Create a .CSV file (or optionally, a MySQL database!) that includes all of the information above. You’re encouraged to use a “wide” structure similar to how the information appears above, so that you can practice tidying and transformations as described below.
Read the information from your .CSV file into R, and use tidyr and dplyr as needed to tidy and transform your data.
First, we load our data into R.
library(tidyr)
library(plyr)
getwd()
## [1] "/Users/omarpineda/Desktop/CUNY SPS MS Data Science/DATA607 Data Acquisition and Management/Week 5"
flights <- read.csv(file="/Users/omarpineda/Desktop/CUNY SPS MS Data Science/DATA607 Data Acquisition and Management/Week 5/flights.csv", header = TRUE)

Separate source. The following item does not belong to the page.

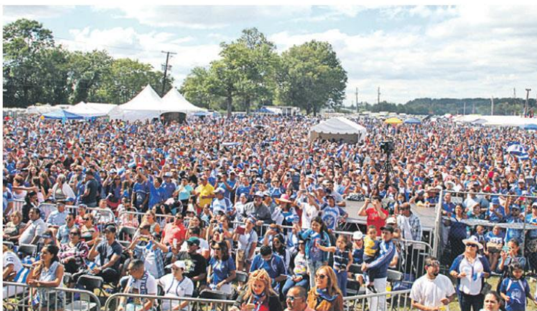
Cientos de salvadoreños asistieron Festival Salvadoreñísimo para celebrar las fiestas de Independencia y poner en alto el nombre del país.

de festivales que le reencuentran con el país a la distancia. "Es mi día libre y uno viene a pasar un buen rato aquí, siempre se encuentra a más de algún amigo y conocidos y luego a empezar otra vez la semana de puro trabajo", comentó este salvadoreño residente en Virginia, mientras espera en la cola por una carne asada de un conocido restaurante salvado-

flights <- flights[-c(3),] #removes empty row
flights
## X X.1 Los.Angeles Phoenix San.Diego San.Francisco Seattle
## 1 Alaska on time 497 221 212 503 1841
## 2 Alaska delayed 62 12 20 102 305
## 4 AM West on time 694 4840 383 320 201
## 5 AM West delayed 117 415 65 129 61
Next, we tidy our data so that it is easier to consume.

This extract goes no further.